Ce que Mozart a mis de personnel et d’intime dans ce drame terrible, c’est la tendresse de son cœur, que le moindre mot amer faisait déborder ; c’est la mélancolie divine de son ame, qui, frappée dans ses affections les plus chères, se sentait défaillir à la fleur de l’âge ; c’est, enfin, la piété douce et profonde dans laquelle il avait été élevé par des parens qui offraient un modèle de la famille chrétienne, sa foi naïve dans les symboles du catholicisme, dont la sombre poésie le faisait sangloter sur son lit de mort, alors qu’il écrivait d’une main tremblante l’hymne de l’autre vie, le Requiem. « Ah ! disait-il un jour à un protestant de ses amis, vous avez votre religion dans la tête et non dans le cœur ; vous ne sentez pas, comme nous, ce que veulent dire ces mot : Agnus Dei qui tollis peccata mundi, dona nobis pacem ; mais, lorsqu’on a été, comme moi, introduit dès sa plus tendre enfance dans le sanctuaire mystique de notre religion, que, l’ame agitée de vagues désirs, on a assisté au service divin où la musique traduisait ces saintes paroles : Benedictus qui venit in nomine Domini ! oh ! alors, c’est bien différent.
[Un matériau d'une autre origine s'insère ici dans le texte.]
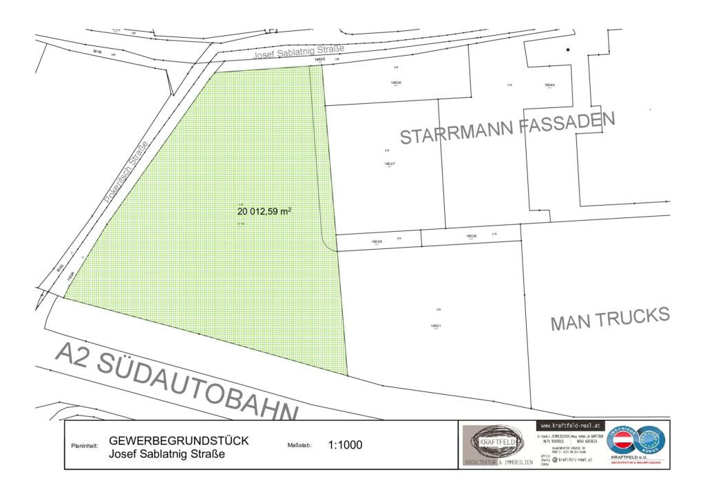Das zentral gelegene 20.000 m² große Grundstück liegt Nordöstlich vom Stadtgebiet von Klagenfurt und ist über öffentliche Straßen (Josef Sablatnig Straße) erreichbar. Direkt angrenzend sind Gewerbebetriebe, die Autobahn und noch unbebaute Ackerflächen.

Plus tard, lorsqu’on s’agite dans le vide d’une existence vulgaire, ces impressions premières, restées ineffaçables au fond du cœur, se ravivent et montent à l’esprit comme un soupir qui se dilate. » On voit que Mozart avait le secret de son génie et qu’il possède la tendresse et la mystérieuse profondeur d’une ame religieuse.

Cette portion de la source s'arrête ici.